Eğer birey, hedefine ulaşıp başarırsa mutlu, başarısız olup hedefine ulaşmazsa da mutsuzdur. Yaşam, bu zıtlık ve birliktelik içinde sürüp gider.  

Toplumlar, paylaşarak, ortaklaşa bir işbirliği içinde birlikte yaşamayı hedeflerler.
Bu birlikteliğin bir amacı; huzuru sağlayıp giderek, mutluları çoğalan, mutsuzları azalan bir düzen oluşturmaktır.

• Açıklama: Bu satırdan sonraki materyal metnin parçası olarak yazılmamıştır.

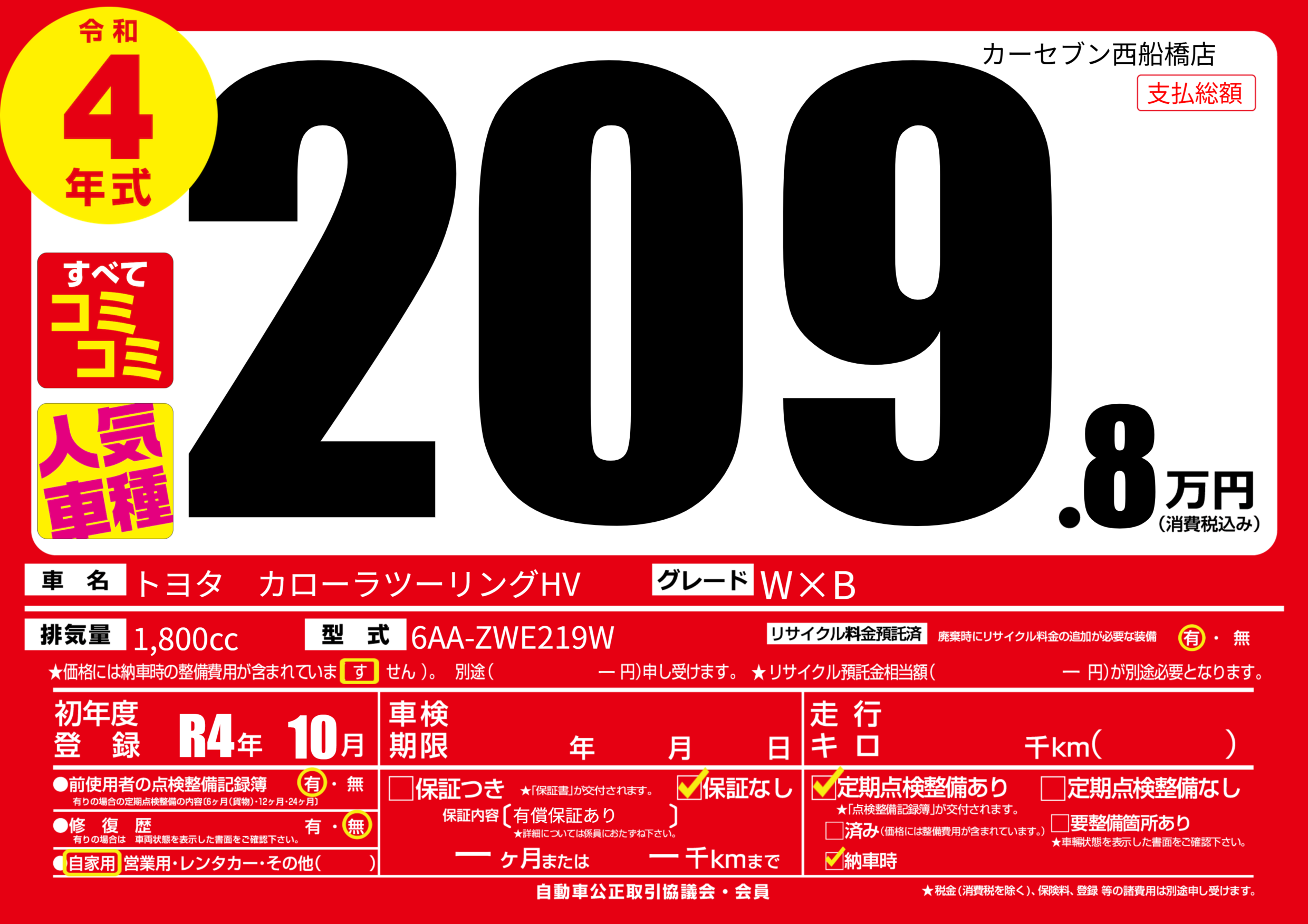 | 定期点検整備 | 定期点検整備あり 納車時あり | ||

Diğer bir amaç ise; dünden bugüne insanlara ve diğer canlılara çokça acı ve ölüm yaşatmış ve daha da yaşatacak olan insan kaynaklı ve doğa kaynaklı olaylardan korumaktır.

İnsan ve yönetimler:

Sömürü ve paylaşım savaşlarını ortadan kaldırmak, barış içinde yaşamak öncelikli görevimizdir. Çünkü bu savaşlar; hem doğal çevreyi yok eder, hem de insanlara ölüm ve acıyla biten büyük zararlar verirler.

Yaşamayı hak etmek için zorluklarla mücadele etmek, barışı getirmek gerek. Bu da ancak her kişi, grup ve önderin birlikte harcayacağı yoğun emekle mümkündür.

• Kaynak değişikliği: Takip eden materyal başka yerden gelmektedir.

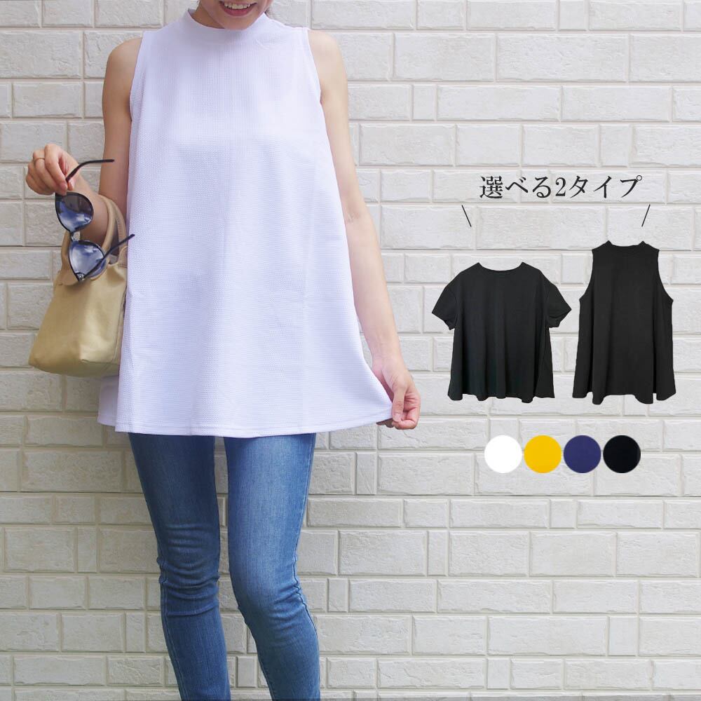 【日本倉庫即納】 チュニック レディースカットソー ノースリーブ半袖 フレアAライン 体系カバー

Toplumların, çevresel sorunları yok edecek, huzur ve güveni sağlayacak görevlilere ihtiyacı vardır. Bunların kimi seçimlerle, kimileri de seçimle gelenlerin seçimiyle belirlenir. Bu kişileri; başkan, bakan, mülki amir ve diğer hizmet alanlarındaki çalışan yargıç, doktor, öğretmen, asker, polis… gibi uzunca bir liste ile sıralayabiliriz.   

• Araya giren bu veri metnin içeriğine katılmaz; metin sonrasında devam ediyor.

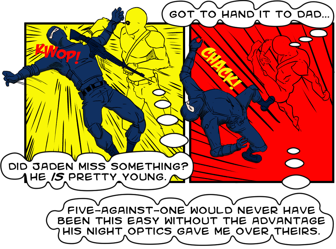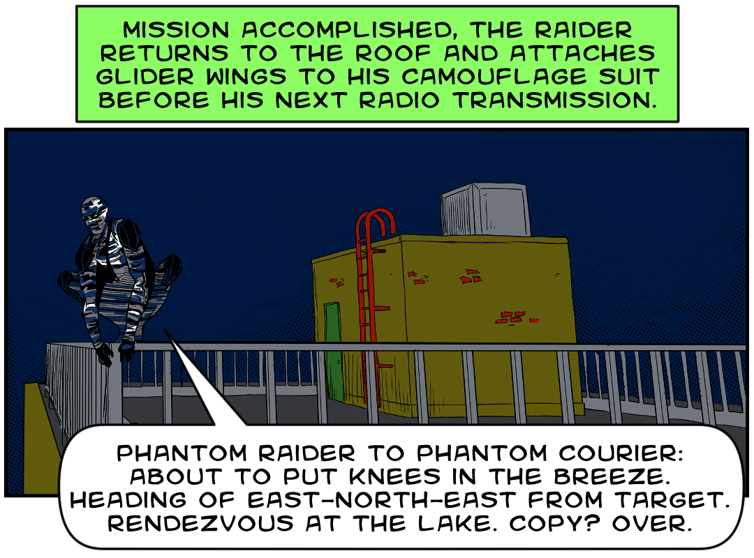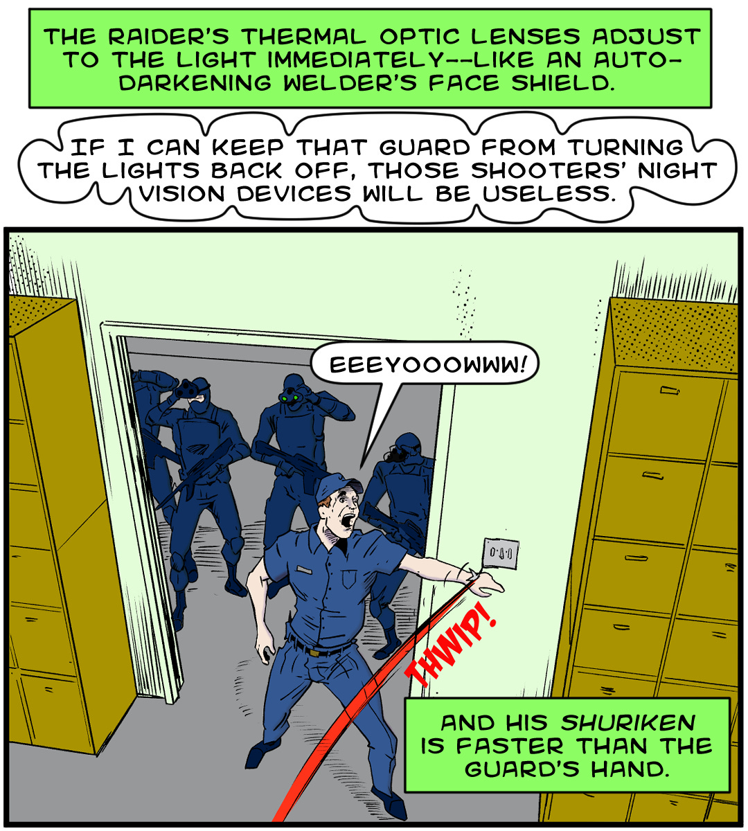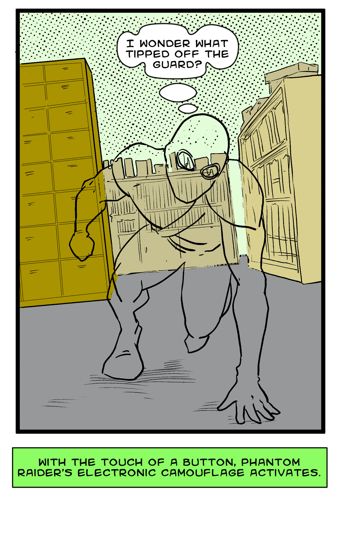 The Phantom Raider has infiltrated a secure facility to steal some exculpatory evidence slated for destruction. As he’s preparing for exfil, the lights suddenly turn on, catching him out in the open.

Hani bu görevlendirme ve organizasyonun; toplumsal ve çevresel sorunları yok edip huzur ve güveni sağlamak için kurulduğunu söylemiştim ya bu günümüzde ham bir hayal. Günümüz dünyasında bu organizasyonlar sadece sömürü ve paylaşım savaşlarının birer neferi olarak çalıştırılıyor.  Tek bir amaçları var: mutlu bir azınlık yaratmak.        

Ne zaman ki, toplumsal ve doğasal bir felaketle karşılaşılır işte o zaman mutlu bir azınlık yaratmak peşinde uğraş verenlere dönüp; "ne yaptınız?" dercesine bakılır.

Yani olayın sonuçları sıcağı sıcağına ortaya çıkınca…

Yani zorluklar; yaşanamaz, katlanılamaz sonuçlar doğurunca…

Yani acılar yaşandıktan, iş olup bittikten sonra...

İşte o zamanlarda cılız da olsa sesler ve itirazlar yükselir.

Sonunda kaçacak bir kuytu köşe (dalda) bulamayan etkili/yetkili özneler ve işbirlikçileri (ürkek-korkak poz vererek); ekranda, meydanda, salonda halkın karşısına çıkar hamasi nutuklar çeker… Üzüntü ve pişmanlıklarını; keşke/keşki/bari/ne olurdu sözcükleri ile bezenmiş cümlelerle dillendirirler.

Dinleyenlerin çoğu bu tür samimiyetsiz tür söylemleri: yarım ağızla yapılan konuşma veya ilmi siyaset(!) olarak değerlendirir.

Haksız da değiller...

Çünkü özeleştiri yapan, özür dileyen kişi kısaca; “Ben, görevimi gereğince yapmadığım için başarısız oldum. İnsanlar zarar gördü, istenmeyen durum ve üzüntüler yaşandı… Başarısız olduğum için artık bu görevi yapmam. Bu görevi yapabilecek olan birilerini arayınız ...”  demek istiyor demektir.

Tabii ki, özeleştirisini yapıp özür dileyen, eğer halka saygı duyan, samimi bir kişi ise; mutlaka ve hemen görevinden ayrılmalıdır.

İşte o zaman özeleştirisi ve özür dilemesi anlam kazanır, o zaman hoşgörüyü hak eden, saygıdeğer ve erdemli bir davranış göstermiş olur.  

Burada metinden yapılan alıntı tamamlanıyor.